Originaire de Shenzhen, Du Yuan est une artiste céramiste autodidacte dont la pratique est née d’une rencontre fortuite avec l’argile, devenue au fil du temps un langage instinctif.
À l’occasion de l’ouverture de la boutique Sessùn à Shenzhen, pensée autour de l’évocation du boulier, elle imagine une série de pièces en résonance avec cet univers. Ses formes, douces et arrondies, portent l’empreinte du geste et traduisent une approche intuitive, où la matière, le temps et la mémoire se répondent.
Nous avons rencontré Du Yuan, qui nous a ouvert les portes de son atelier et partagé sa vision du geste et de l’évolution de son travail.


Pouvez-vous vous présenter et nous parler de votre parcours ?
Je suis céramiste. J’ai grandi à Shenzhen et je vis aujourd’hui à Foshan.
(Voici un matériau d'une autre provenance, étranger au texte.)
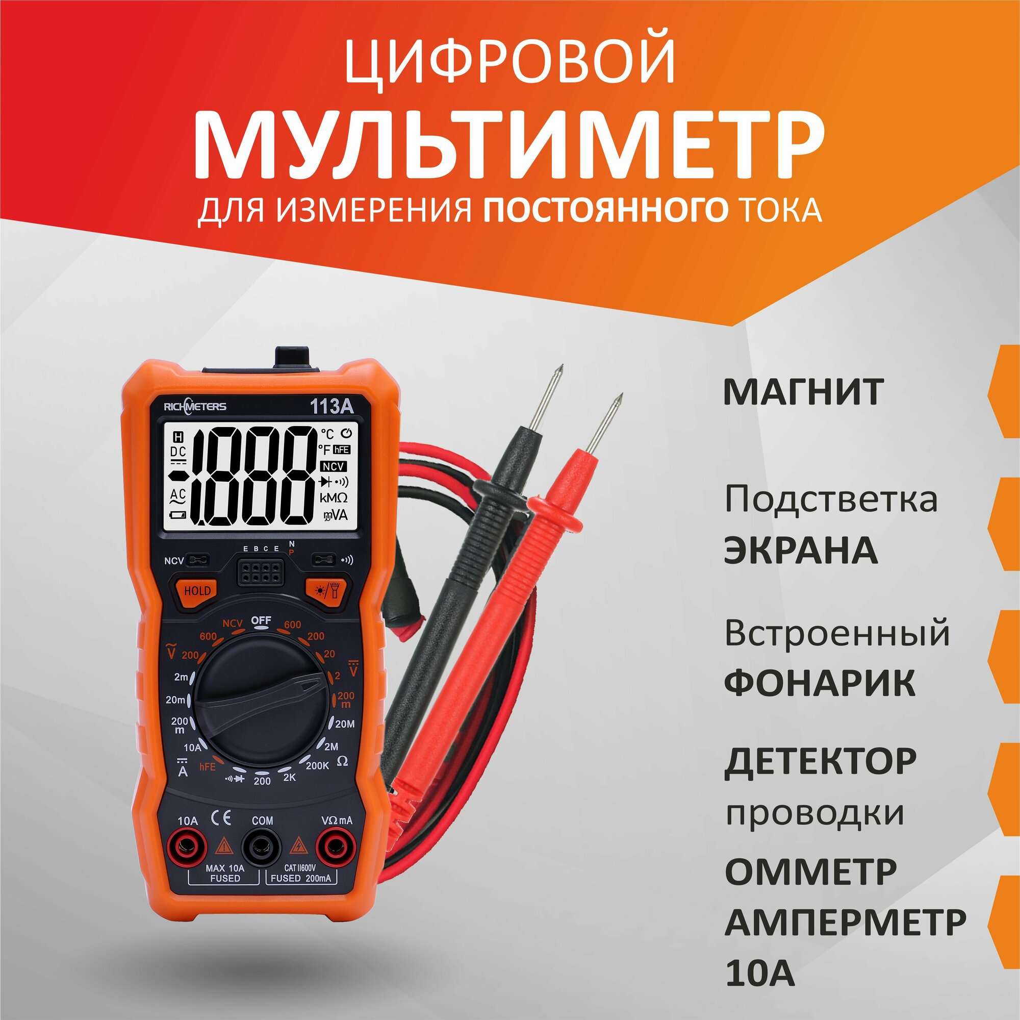 RichMeters – это цифровой мультиметр, прибор который необходим для домашней лаборатории или для использования в быту. Удобен в применении, надежный и неприхотливый в работе. У ЖК дисплея легкая и не раздражающие глаза, белая, светодиодная подсветка. В тестере есть светодиодный фонарик, мощный магнитный держатель для крепления прибора к металлическим основаниям, держатель щупов и силиконовый бампер. Питание прибора осуществляется от 3-х батареек ААА. Прибор оснащен большим числом режимов измерений. Звуковой режим прозвонки цепи. Режим измерения электронных компонентов: диодов, стабилитронов, варисторов, тиристоров, транзисторов и других полупроводниковых элементов. Тестер может определять коэффициент усиления транзисторов. У прибора есть режим: измерения сопротивлений, постоянного тока, а так же режимы измерения переменного и постоянного напряжения. Мультиметр оснащен датчиком скрытой проводки NCV - Non Contact Voltage, этот режим поможет определить проводку скрытую в стене или в других основаниях. МНОГОФУНКЦИОНАЛЬНОСТЬ Устройство применяется для измерений постоянного и переменного напряжения, сопротивления, постоянного тока. Есть режим прозвонки цепи на короткое замыкание, проверка диодов и N-P P-N переходов полупроводников, режим hFE для определения коэффициента усиления транзисторов, датчик скрытой проводки NCV - Non Contact Voltage. АВТОМАТИЧЕСКОЕ ОТКЛЮЧЕНИЕ Устройство поддерживает функцию автоматического отключения. Благодаря этому вы сможете более эффективно расходовать заряд батареи. УДОБСТВО ИСПОЛЬЗОВАНИЯ У данного мультиметра большой LCD Дисплей с легкой и не раздражающей глаза белой светодиодной подсветкой, мощный магнитный держатель для крепления прибора к металлическим основаниям, держатель щупов и силиконовый бампер, фонарик для использования в темноте.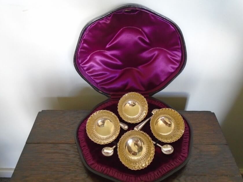 Старинный набор из 4 икорниц / солонок с оригинальными родными ложками в комплекте. Созданы из стерлингового серебра, покрыты золочением. Произведены в Лондоне, Англия в 1885 году на мануфактуре Aldwinckle & Slater. Лежат в родной коробке на малиновом бархате. Стоят клейма от производителя. Могут использоваться для хранения соли и специй, подачи икры и морепродуктов. Станут восхитительным элементом сервировки стола или статусным подарком для ценителя серебра. Все лоты выставлены на нескольких площадках поэтому, пожалуйста, перед покупкой уточняйте наличие.
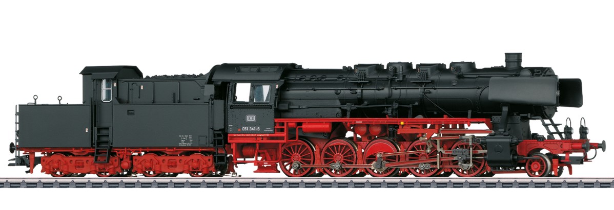 Vorbild: Güterzug-Dampflokomotive Baureihe 051 mit Kabinentender der Deutschen Bundesbahn (DB). Witte-Windleitbleche, 4 Kesselaufbauten, gekürzter Umlauf, DB-Reflexglaslampen und beidseitig Indusi. Betriebsnummer 051 341-6. Betriebszustand Anfang der 1970er Jahre.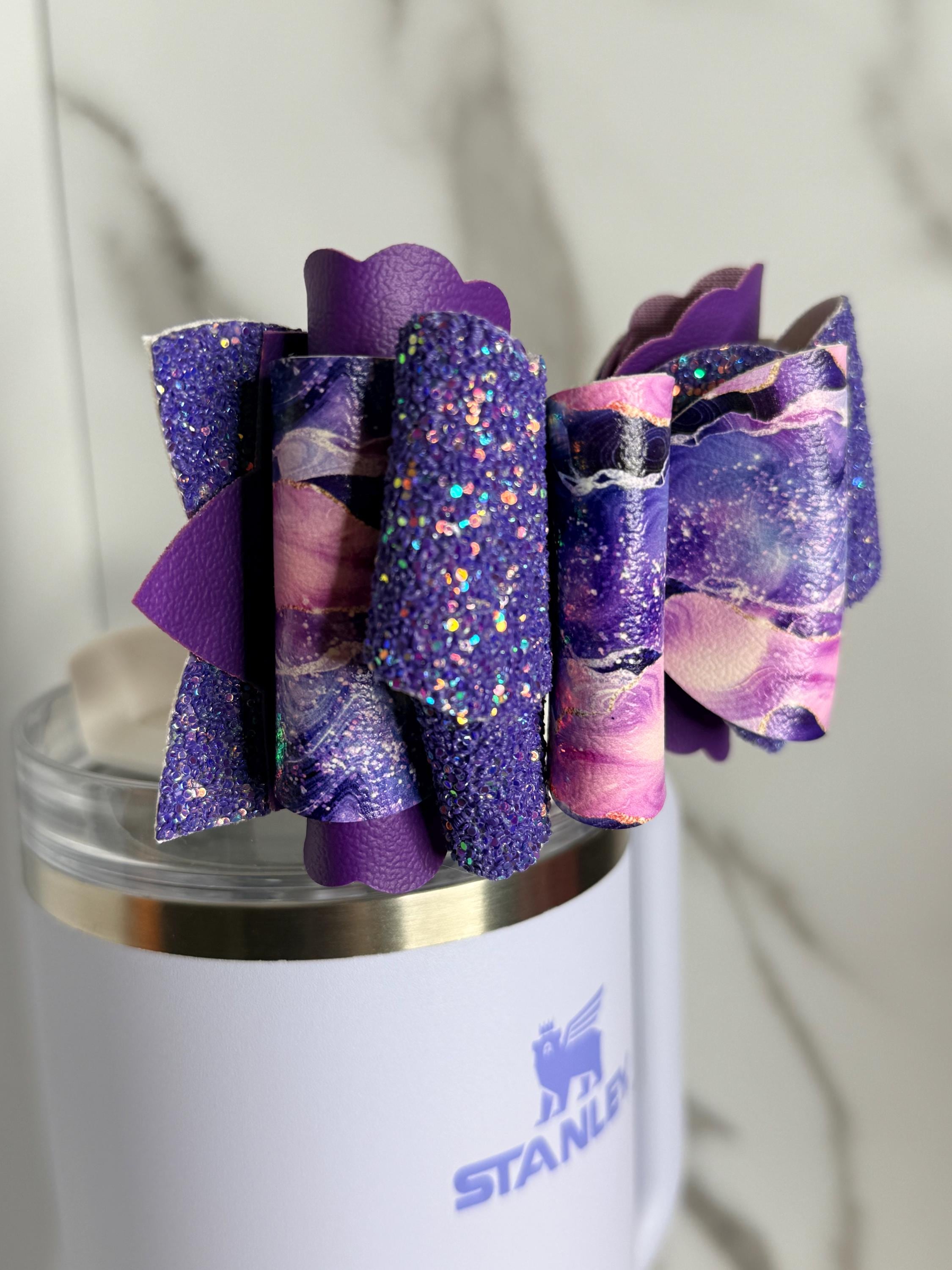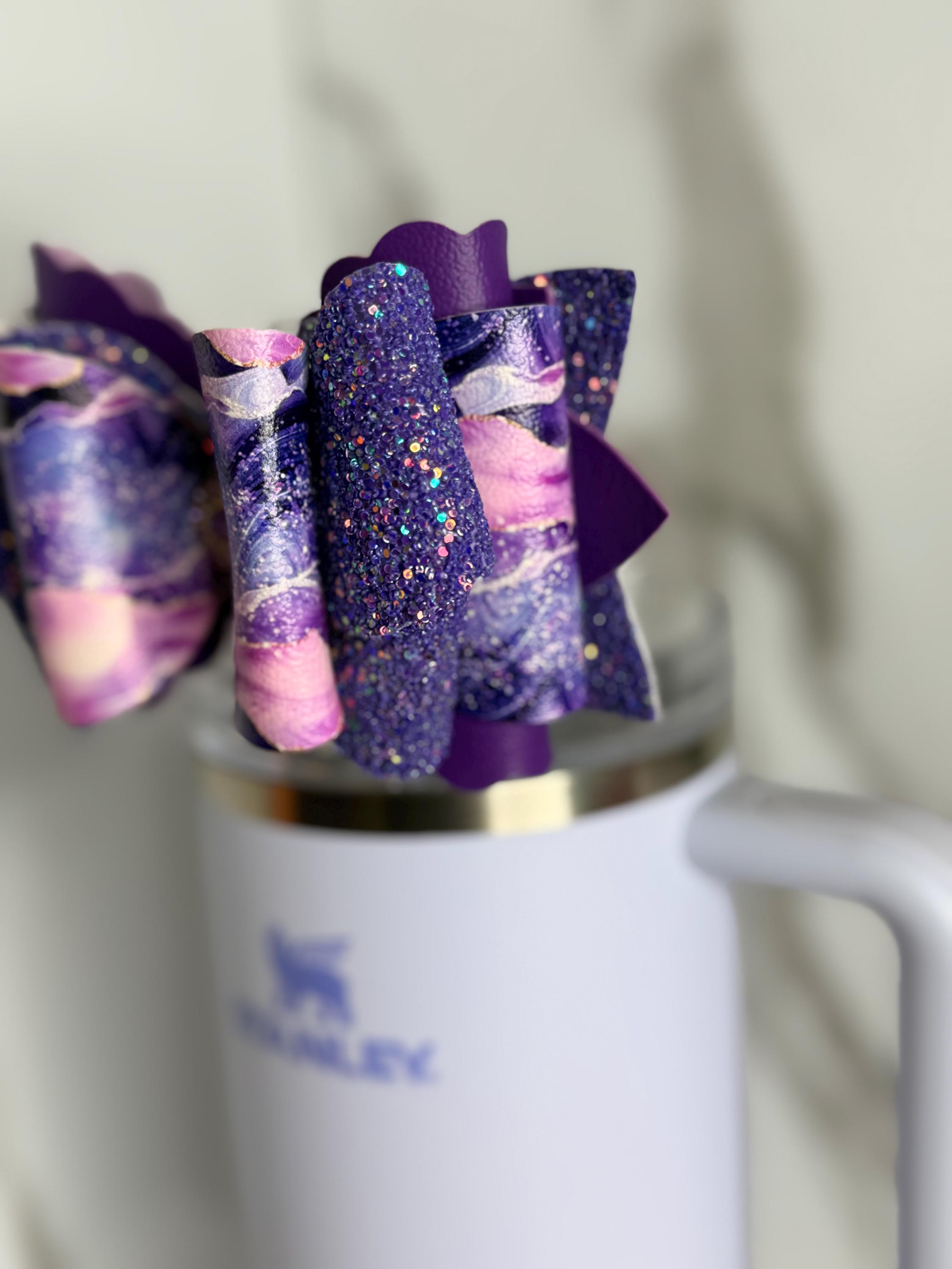 Add cosmic sparkle to your favorite tumbler with this stunning Purple Galaxy Tumbler Bow! Handcrafted with layers of purple and lilac marbled faux leather, deep glitter fabric, and finished with a dazzling rhinestone center, this bow brings a touch of magic and luxury to your everyday cup.
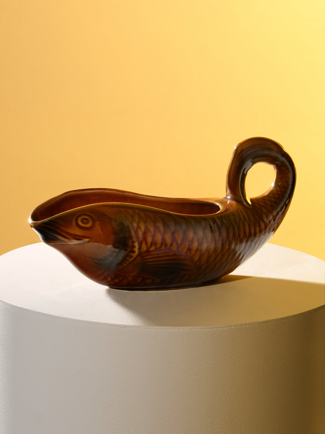 Antique and Vintage 1950s Sarreguemines Fish Ceramic Gravy Boat

Cela fait maintenant sept ans que je travaille l’argile. Je n’ai pas suivi de formation en céramique : je l’ai découverte par hasard, et j’ai immédiatement su que je ne cesserais jamais de travailler cette matière.
Quelles sont vos sources d’inspiration ? Y a-t-il des artistes ou des mouvements artistiques qui influencent particulièrement votre travail ?
Mon inspiration vient principalement de ce qui m’entoure, de choses très simples et proches : des pierres au bord du chemin, l’écorce d’un vieil arbre dans la cour, les cendres de bois qui s’échappent du four. Les céramiques chinoises anciennes ont aussi profondément marqué mon regard : leurs lignes épurées, les traces du temps à leur surface, leur justesse. J’aime cette beauté naturelle, sincère, presque silencieuse.

Comment intégrez-vous des pratiques durables et éthiques dans votre travail ?
La céramique est, par essence, liée à la terre, à l’eau et au feu. J’utilise de l’argile brute issue de mines locales à Foshan, afin de limiter le transport et le gaspillage de matière. Lors de la cuisson, j’optimise chaque espace du four pour éviter toute perte de chaleur.. Mes pièces sont faites pour durer et accompagner les usages quotidiens. Pour moi, la durabilité n’est pas un concept, mais une manière de vivre : prendre ce dont on a besoin, utiliser ce que l’on prend, et rendre le reste à la terre.


Comment votre langage esthétique s’est-il construit ? Y a-t-il eu un moment ou une expérience clé qui a défini votre style ?
Mon parcours en céramique accompagne mon propre cheminement. Tout a commencé par une simple curiosité. Des petits objets liés au thé aux grands vases d’aujourd’hui, je n’ai cessé d’explorer et de repousser mes limites. Mon langage s’est construit de manière intuitive : mes mains vont souvent plus vite que ma pensée. Chaque geste, chaque ajout d’argile devient une décision esthétique.
Quel rôle jouent la recherche créative et l’expérimentation dans votre pratique ?
Je planifie peu, mais j’agis vite. Lorsqu’une idée surgit, je commence souvent à la mettre en forme avant même de l’avoir pleinement développée. Je crois au faire, à ce que la pratique révèle en chemin.

Pour la nouvelle boutique de Shenzhen, vous avez conçu des pièces en céramique. Pouvez-vous nous en parler et décrire votre processus créatif, de l’idée initiale à la réalisation finale ?
Shenzhen est une ville que je connais intimement : j’y ai grandi avant de la quitter à l’âge adulte. J’ai toujours ressenti une certaine distance avec les grandes métropoles. Pour cette boutique, j’ai imaginé des formes plus douces, aux contours arrondis, qui apportent une sensation de calme et de lenteur, quelque chose de plus accueillant.


Quelle technique avez-vous utilisée et combien de temps a été nécessaire pour réaliser les œuvres de la boutique ?
J’utilise une technique très traditionnelle de modelage à la main. J’aime la liberté qu’elle offre, le fait de pouvoir façonner directement avec mes doigts et d’en laisser la trace. Du pétrissage de l’argile à la cuisson, en passant par le façonnage, le séchage, l’émaillage et le nettoyage final, chaque pièce demande près d’un mois de travail.